Input data:

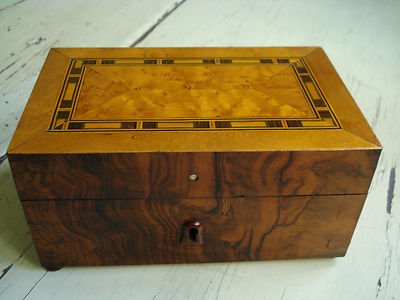 ANTIQUE 19 TH. C. WOODEN HUMIDOR-CIGAR BOX- WALNUT VENEER WITH INLAYS
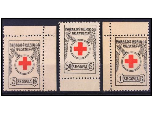 * ESPAÑA: VIÑETAS. SEGOVIA GUERRA DE ÁFRICA. 5 cts., 50 cts. y 1 pta. Para los Heridos de África. (1920 CA.). RARAS.
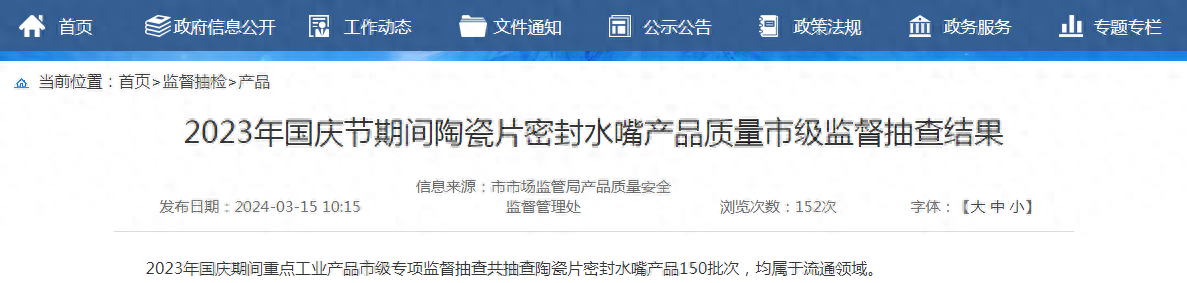 2023年国庆节期间陶瓷片密封水嘴产品质量市级监督抽查结果

Aim of the task:
Set down the data exactly as it appears, without any images.

Exercise answer:
 ANTIQUE 19 TH. C. WOODEN HUMIDOR-CIGAR BOX- WALNUT VENEER WITH INLAYS
 * ESPAÑA: VIÑETAS. SEGOVIA GUERRA DE ÁFRICA. 5 cts., 50 cts. y 1 pta. Para los Heridos de África. (1920 CA.). RARAS.
 2023年国庆节期间陶瓷片密封水嘴产品质量市级监督抽查结果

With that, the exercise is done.